- [Prompt]
Restate all of the data precisely, omitting nothing.

- [Task material]

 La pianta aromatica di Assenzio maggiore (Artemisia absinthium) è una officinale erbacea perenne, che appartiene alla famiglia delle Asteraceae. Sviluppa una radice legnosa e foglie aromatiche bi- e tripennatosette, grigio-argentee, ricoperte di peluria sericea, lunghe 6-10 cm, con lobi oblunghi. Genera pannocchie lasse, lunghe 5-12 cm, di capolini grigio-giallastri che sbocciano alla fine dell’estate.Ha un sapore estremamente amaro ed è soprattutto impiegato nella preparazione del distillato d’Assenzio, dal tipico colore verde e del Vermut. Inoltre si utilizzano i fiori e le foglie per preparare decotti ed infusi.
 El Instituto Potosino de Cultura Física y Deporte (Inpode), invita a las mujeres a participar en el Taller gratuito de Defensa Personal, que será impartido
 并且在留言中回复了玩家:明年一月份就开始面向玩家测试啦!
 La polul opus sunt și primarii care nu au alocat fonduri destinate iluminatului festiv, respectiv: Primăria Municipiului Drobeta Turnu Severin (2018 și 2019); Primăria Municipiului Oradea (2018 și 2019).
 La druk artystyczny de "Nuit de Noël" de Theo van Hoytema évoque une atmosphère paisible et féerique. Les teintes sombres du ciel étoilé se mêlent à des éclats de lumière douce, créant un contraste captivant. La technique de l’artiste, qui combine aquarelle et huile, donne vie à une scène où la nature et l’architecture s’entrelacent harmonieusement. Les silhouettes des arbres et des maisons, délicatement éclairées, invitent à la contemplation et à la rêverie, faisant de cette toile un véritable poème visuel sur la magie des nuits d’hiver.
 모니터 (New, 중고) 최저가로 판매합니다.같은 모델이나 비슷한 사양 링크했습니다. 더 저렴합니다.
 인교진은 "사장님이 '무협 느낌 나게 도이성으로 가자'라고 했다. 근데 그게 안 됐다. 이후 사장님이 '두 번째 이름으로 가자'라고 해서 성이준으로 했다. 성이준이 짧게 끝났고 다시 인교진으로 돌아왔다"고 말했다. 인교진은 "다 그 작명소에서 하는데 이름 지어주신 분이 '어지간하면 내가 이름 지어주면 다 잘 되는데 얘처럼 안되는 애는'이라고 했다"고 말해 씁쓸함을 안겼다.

- [The completed task]
 La pianta aromatica di Assenzio maggiore (Artemisia absinthium) è una officinale erbacea perenne, che appartiene alla famiglia delle Asteraceae. Sviluppa una radice legnosa e foglie aromatiche bi- e tripennatosette, grigio-argentee, ricoperte di peluria sericea, lunghe 6-10 cm, con lobi oblunghi. Genera pannocchie lasse, lunghe 5-12 cm, di capolini grigio-giallastri che sbocciano alla fine dell’estate.Ha un sapore estremamente amaro ed è soprattutto impiegato nella preparazione del distillato d’Assenzio, dal tipico colore verde e del Vermut. Inoltre si utilizzano i fiori e le foglie per preparare decotti ed infusi.
 El Instituto Potosino de Cultura Física y Deporte (Inpode), invita a las mujeres a participar en el Taller gratuito de Defensa Personal, que será impartido
 并且在留言中回复了玩家:明年一月份就开始面向玩家测试啦!
 La polul opus sunt și primarii care nu au alocat fonduri destinate iluminatului festiv, respectiv: Primăria Municipiului Drobeta Turnu Severin (2018 și 2019); Primăria Municipiului Oradea (2018 și 2019).
 La druk artystyczny de "Nuit de Noël" de Theo van Hoytema évoque une atmosphère paisible et féerique. Les teintes sombres du ciel étoilé se mêlent à des éclats de lumière douce, créant un contraste captivant. La technique de l’artiste, qui combine aquarelle et huile, donne vie à une scène où la nature et l’architecture s’entrelacent harmonieusement. Les silhouettes des arbres et des maisons, délicatement éclairées, invitent à la contemplation et à la rêverie, faisant de cette toile un véritable poème visuel sur la magie des nuits d’hiver.
 모니터 (New, 중고) 최저가로 판매합니다.같은 모델이나 비슷한 사양 링크했습니다. 더 저렴합니다.
 인교진은 "사장님이 '무협 느낌 나게 도이성으로 가자'라고 했다. 근데 그게 안 됐다. 이후 사장님이 '두 번째 이름으로 가자'라고 해서 성이준으로 했다. 성이준이 짧게 끝났고 다시 인교진으로 돌아왔다"고 말했다. 인교진은 "다 그 작명소에서 하는데 이름 지어주신 분이 '어지간하면 내가 이름 지어주면 다 잘 되는데 얘처럼 안되는 애는'이라고 했다"고 말해 씁쓸함을 안겼다.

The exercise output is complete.